3rd Prime Minister of Southern Rhodesia
- In office 5 July 1933 – 12 September 1933
- Monarch: George V
- Governor: Sir Cecil Hunter-Rodwell
- Preceded by: Howard Moffat
- Succeeded by: Godfrey Huggins

Personal details
- Born: 1 April 1867 Ayrshire, United Kingdom
- Died: 4 July 1937 (aged 70) Bulawayo, Southern Rhodesia
- Party: Rhodesia Party

= George Mitchell (Rhodesian politician) =

George Mitchell (1 April 1867 – 4 July 1937) served as Prime Minister of Southern Rhodesia from July to September 1933.

==Early life==
Born in Ayrshire in the south-west of Scotland, he emigrated to South Africa in 1889, and moved to Matabeleland six years later to work as the manager of the Bank of Africa branch in Bulawayo. In 1901 he left the bank to become General Manager of the Rhodesia Exploration and Development Company, which sought to build up property.

==Political career==
Elected as a Member of the Southern Rhodesian Legislative Council in 1911 for the Western District, in 1918 Mitchell retired from business and thereafter devoted himself to politics where he was a supporter of the Rhodesia Party and of responsible government within the colony of Southern Rhodesia. Re-elected as the member for the Bulawayo District in 1914, he retired from the council in 1920. With the grant of responsible government in 1923, Mitchell stood at the first election to the Southern Rhodesian Legislative Assembly for the seat of Bulawayo South, but was unsuccessful. He stood again at the 1928 election for the seat of Gwanda and was successful. He was appointed to the Government of Southern Rhodesia on 1 November 1930 as Minister of Mines and Public Works. From 19 May 1932, he served as Minister of Mines and Agriculture.

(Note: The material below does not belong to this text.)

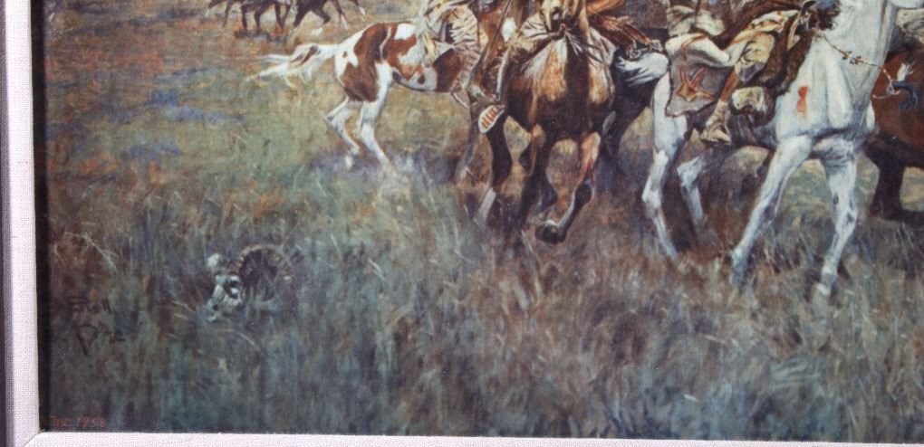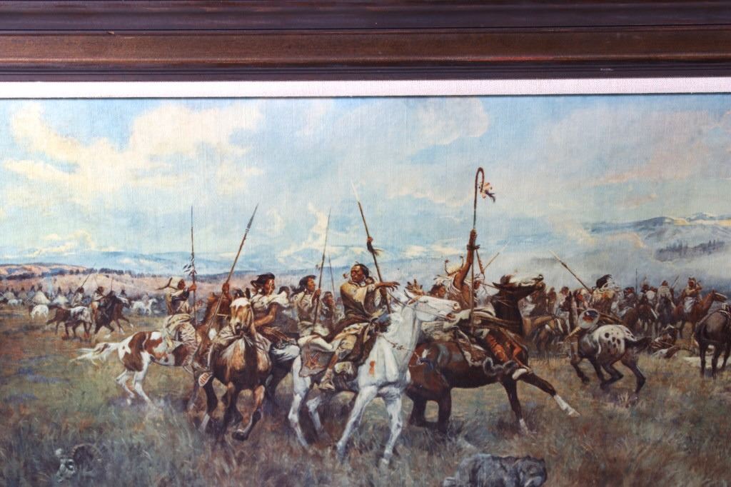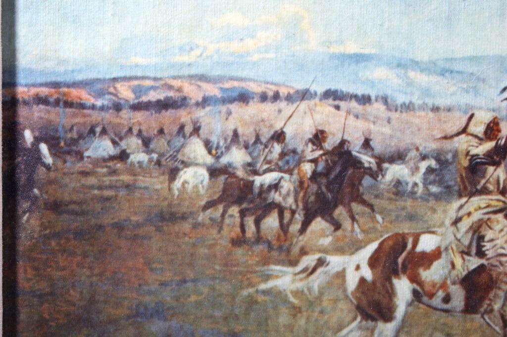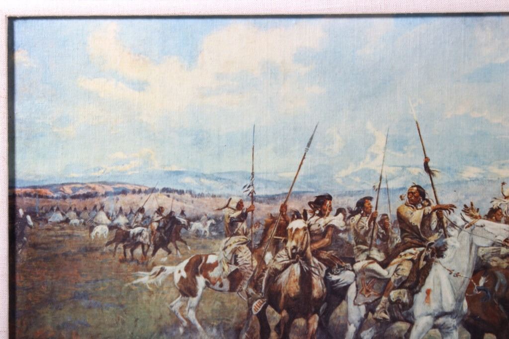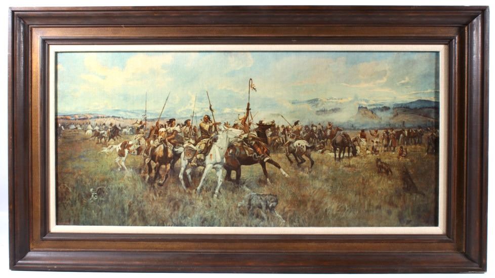 Featured in this lot we have a Charlie Russell G-clay on canvas titled "Lewis and Clark Meeting the Flathead Indians at Ross Hole" circa 1912. The image shows a large group of Flathead Indians all on horse back with a number of dogs or wolves in the foreground with Lewis and Clark on the right side with trading goods. The image shows wonderful detail and color in the piece. The G-Clay is framed with a nice stained oak frame with a plain canvas border. The piece is in good condition overall with some slight wear on the frame. The frame measures 36" wide by 19 3/4" tall.

When Howard Moffat resigned in 1933, Mitchell was chosen as the new Premier and chose to change the job title to Prime Minister. His government was a short one, lasting from 5 July 1933 until the Rhodesia Party lost the general election of September 1933, with Mitchell losing his own seat in the process, to the Reform Party led by Godfrey Huggins.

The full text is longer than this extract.